- _Data for the task_
-- -- --
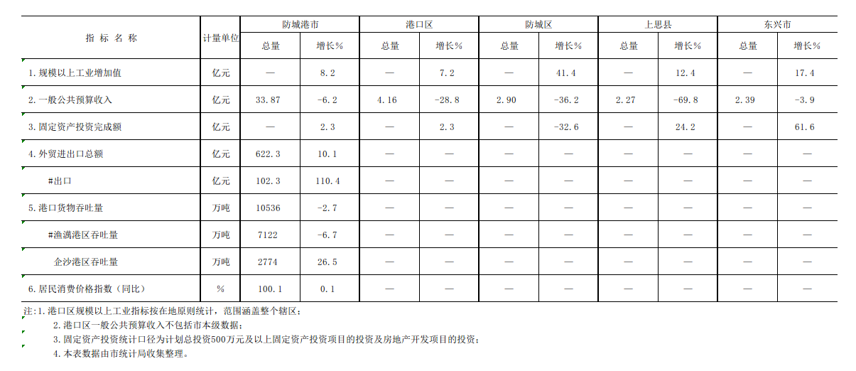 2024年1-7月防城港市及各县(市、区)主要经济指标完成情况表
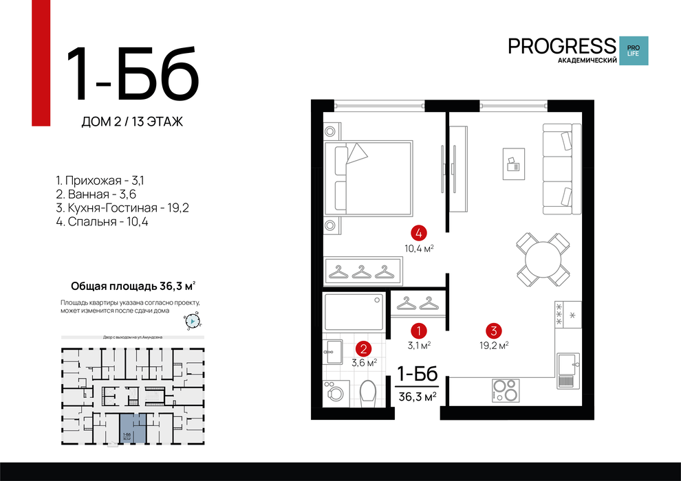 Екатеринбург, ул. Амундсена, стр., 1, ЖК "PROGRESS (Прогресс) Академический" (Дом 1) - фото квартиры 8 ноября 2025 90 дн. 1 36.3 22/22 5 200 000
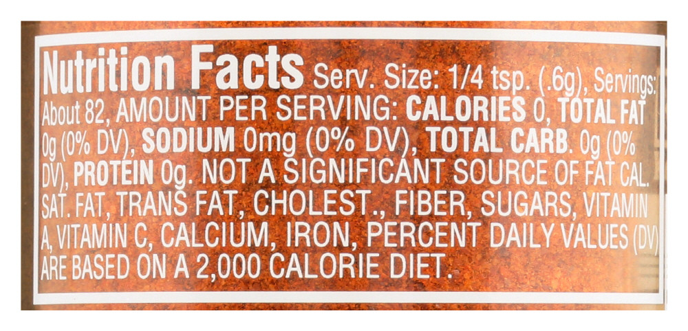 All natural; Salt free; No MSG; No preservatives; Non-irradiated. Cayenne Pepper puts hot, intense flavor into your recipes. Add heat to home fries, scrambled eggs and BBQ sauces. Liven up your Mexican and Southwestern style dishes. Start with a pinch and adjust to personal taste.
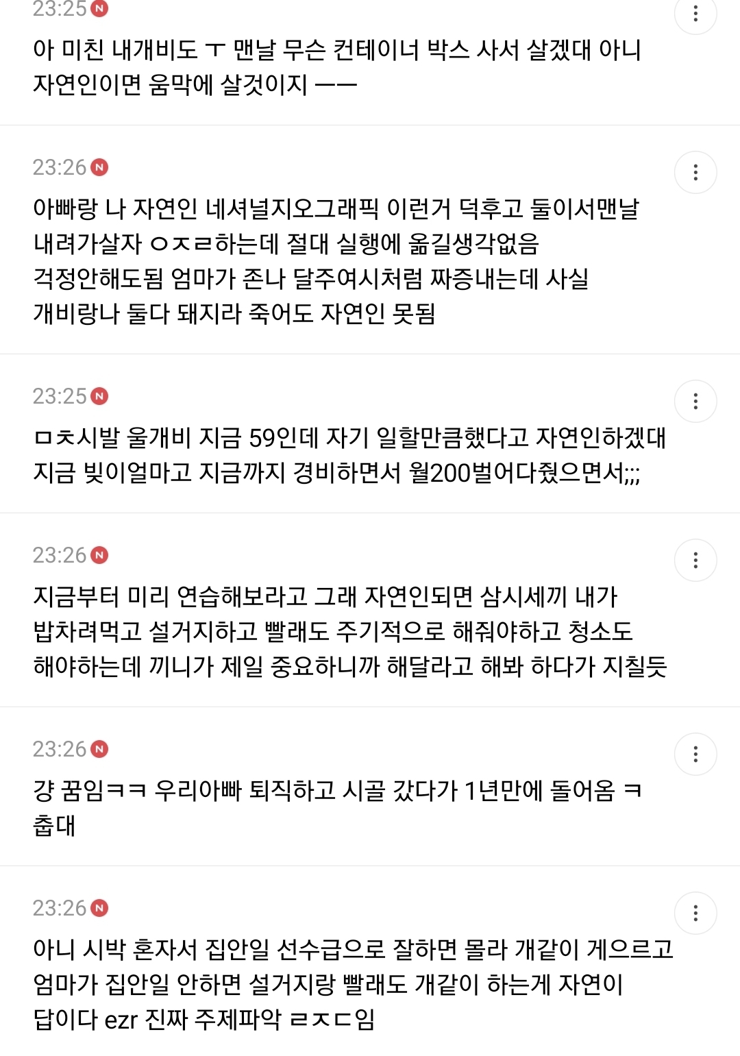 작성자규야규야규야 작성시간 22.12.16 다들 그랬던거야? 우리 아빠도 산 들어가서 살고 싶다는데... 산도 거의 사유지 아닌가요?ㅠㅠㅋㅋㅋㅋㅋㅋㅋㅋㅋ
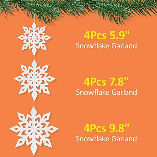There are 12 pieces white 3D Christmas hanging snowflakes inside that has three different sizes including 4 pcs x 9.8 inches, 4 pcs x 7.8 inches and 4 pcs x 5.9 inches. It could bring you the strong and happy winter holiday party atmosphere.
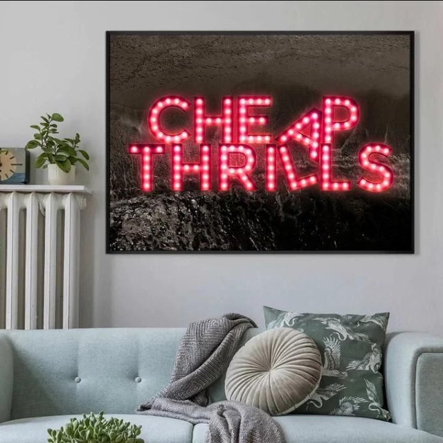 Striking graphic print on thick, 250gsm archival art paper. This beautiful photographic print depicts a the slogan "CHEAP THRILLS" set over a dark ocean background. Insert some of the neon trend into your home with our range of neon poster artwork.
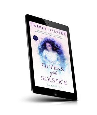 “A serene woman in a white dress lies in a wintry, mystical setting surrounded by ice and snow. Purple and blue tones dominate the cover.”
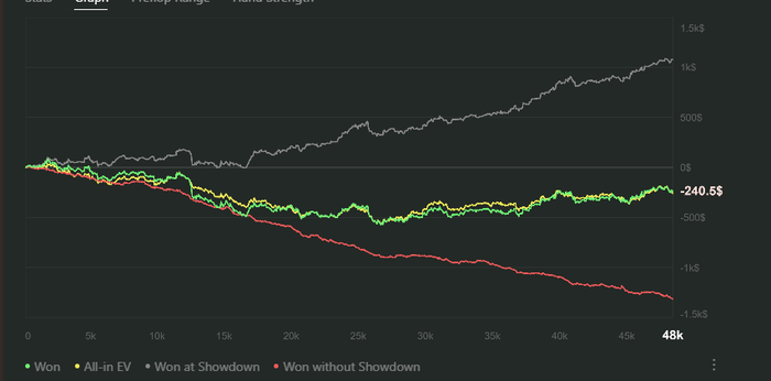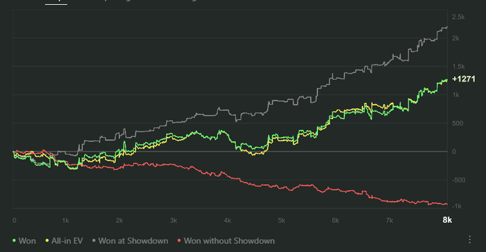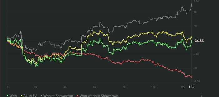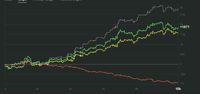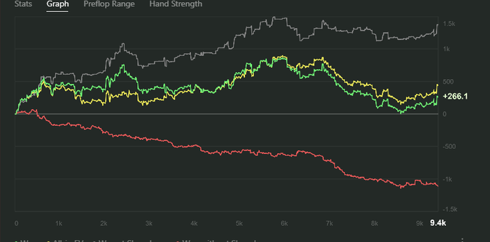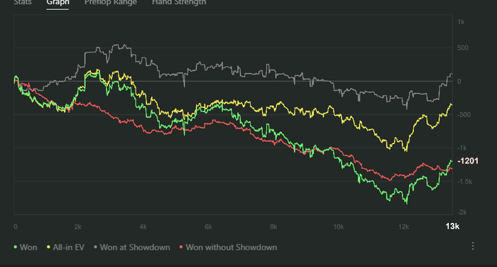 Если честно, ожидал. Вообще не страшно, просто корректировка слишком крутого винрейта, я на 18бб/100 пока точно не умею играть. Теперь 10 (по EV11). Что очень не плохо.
-- -- --
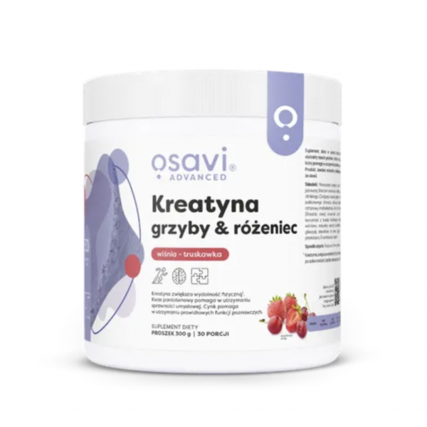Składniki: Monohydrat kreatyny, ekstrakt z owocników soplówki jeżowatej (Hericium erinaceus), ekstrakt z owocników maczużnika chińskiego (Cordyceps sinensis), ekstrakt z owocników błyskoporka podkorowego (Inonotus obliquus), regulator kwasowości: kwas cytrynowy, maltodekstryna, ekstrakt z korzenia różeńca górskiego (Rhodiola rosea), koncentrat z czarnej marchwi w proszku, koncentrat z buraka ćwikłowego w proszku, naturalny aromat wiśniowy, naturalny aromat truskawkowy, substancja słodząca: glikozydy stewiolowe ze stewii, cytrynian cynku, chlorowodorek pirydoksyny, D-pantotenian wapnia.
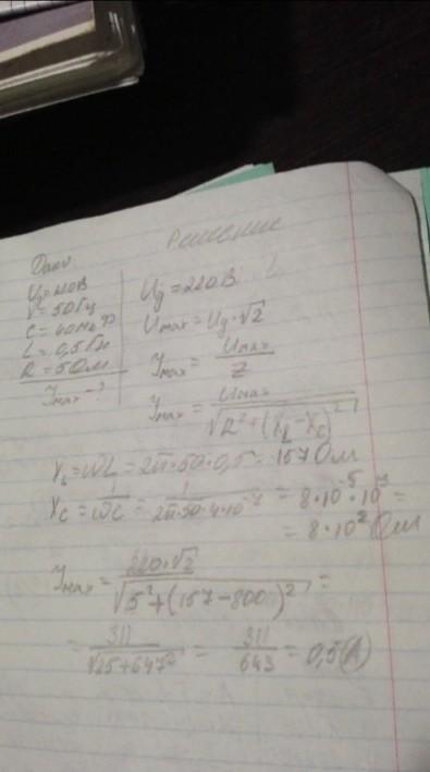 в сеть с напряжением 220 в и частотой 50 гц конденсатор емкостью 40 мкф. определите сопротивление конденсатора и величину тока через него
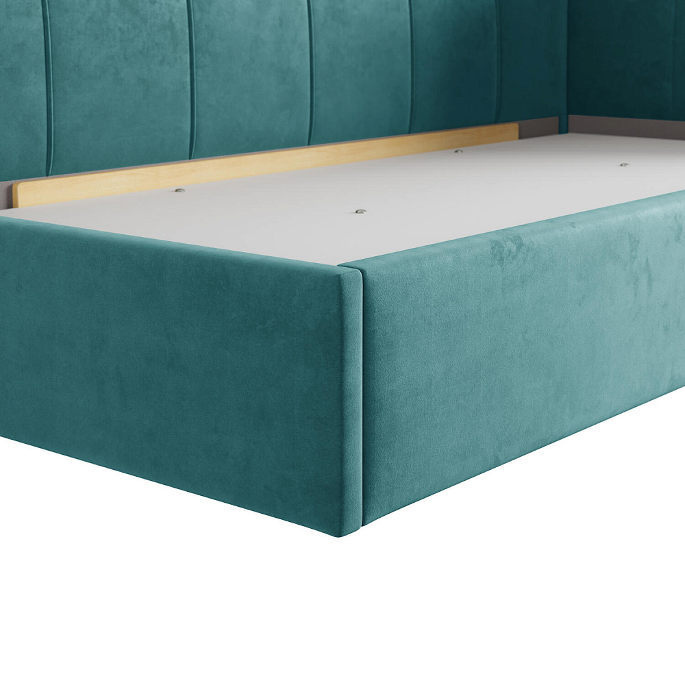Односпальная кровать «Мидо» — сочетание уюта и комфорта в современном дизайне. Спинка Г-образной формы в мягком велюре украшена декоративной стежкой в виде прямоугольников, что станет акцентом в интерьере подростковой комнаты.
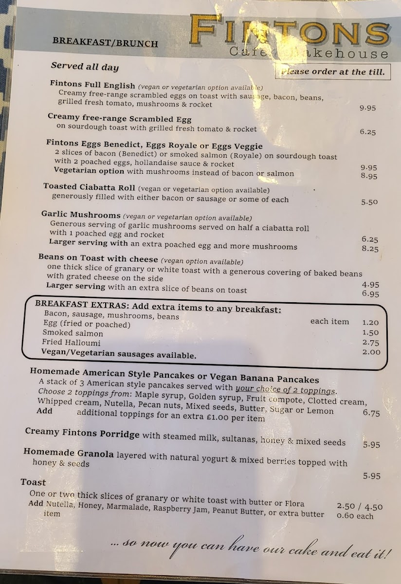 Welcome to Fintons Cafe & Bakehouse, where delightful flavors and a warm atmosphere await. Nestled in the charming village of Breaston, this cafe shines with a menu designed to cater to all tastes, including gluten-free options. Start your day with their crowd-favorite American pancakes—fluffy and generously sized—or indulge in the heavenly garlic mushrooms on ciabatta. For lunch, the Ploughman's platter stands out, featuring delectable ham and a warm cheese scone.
-- -- --
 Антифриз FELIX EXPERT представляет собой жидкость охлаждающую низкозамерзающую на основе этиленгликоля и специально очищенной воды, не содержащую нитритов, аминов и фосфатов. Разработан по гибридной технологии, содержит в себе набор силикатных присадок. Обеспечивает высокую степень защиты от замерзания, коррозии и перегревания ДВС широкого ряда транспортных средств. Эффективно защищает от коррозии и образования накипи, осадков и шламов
-- -- --
- _Problem statement_
No picture is to be printed. Output exactly the lines above from the line containing "в сеть с напряжением" through the line containing "Welcome to Fintons".

- _Finished exercise_
 в сеть с напряжением 220 в и частотой 50 гц конденсатор емкостью 40 мкф. определите сопротивление конденсатора и величину тока через него
Односпальная кровать «Мидо» — сочетание уюта и комфорта в современном дизайне. Спинка Г-образной формы в мягком велюре украшена декоративной стежкой в виде прямоугольников, что станет акцентом в интерьере подростковой комнаты.
 Welcome to Fintons Cafe & Bakehouse, where delightful flavors and a warm atmosphere await. Nestled in the charming village of Breaston, this cafe shines with a menu designed to cater to all tastes, including gluten-free options. Start your day with their crowd-favorite American pancakes—fluffy and generously sized—or indulge in the heavenly garlic mushrooms on ciabatta. For lunch, the Ploughman's platter stands out, featuring delectable ham and a warm cheese scone.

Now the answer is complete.